Nehalem's implementation of SSE 4 essentially matches that of Penryn. The key additions centre on the Application-Targeted Accelerators (ATAs) Intel introduced as part of SSE 4. Penryn got two of these, Nehalem will get seven more.

Nehalem's ATAs centre on text and string processing, Intel said yesterday. The need to accelerate text handling may sound rather unnecessary in this era of pervasive multimedia and intensive 3D graphics apps, but Intel claims the ATAs will benefit a range of important tasks, from virus signature scanning to parsing XML files.

Its pitch is that these are everyday routines, and the faster Nehalem can run them not only the quicker the tasks will be completed but the sooner it can close down on-die components to conserve energy.

Intel's Nehalem

Intel's 'Nehalem': better at text processing than Penryn

Not that Nehalem's design ignores more advanced data types. Chips based on the design will also speed access to data that doesn't sit comfortably in alignment with Nehalem's cache structure, such as multimeda code and data. That should allow the CPU to process such information more quickly, sending out the frame to be rendered then powering down for a longer period - or working on other tasks - before it needs to pick up and process the next frame, for example.

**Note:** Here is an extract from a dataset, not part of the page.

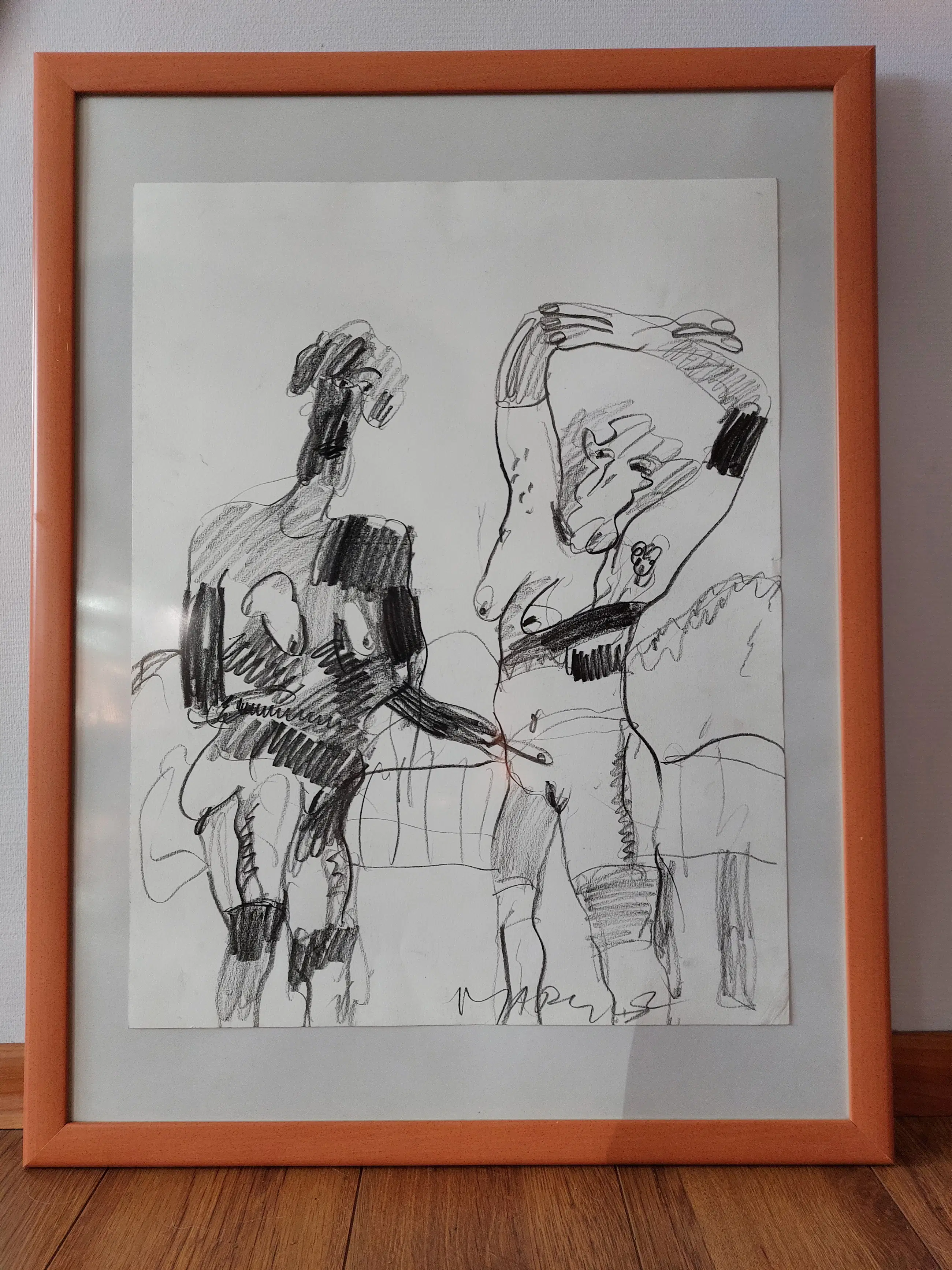 Inkt tekening van 65 x 50 cm. Mooi ingelijst. 80 x 60 cm.

Again, the emphasis is not on raw processing - we know modern CPUs can do video smoothly - but on getting the job finished more quickly, the better to improve power efficiency.

That's the logic behind the re-introduction of HyperThreading with Nehalem, which will also be able to handle 33 per cent more micro-ops - the Core-specific instructions the x86 instructions are decoded into when they're loaded into the CPU - at any given time than the Penryn architecture can.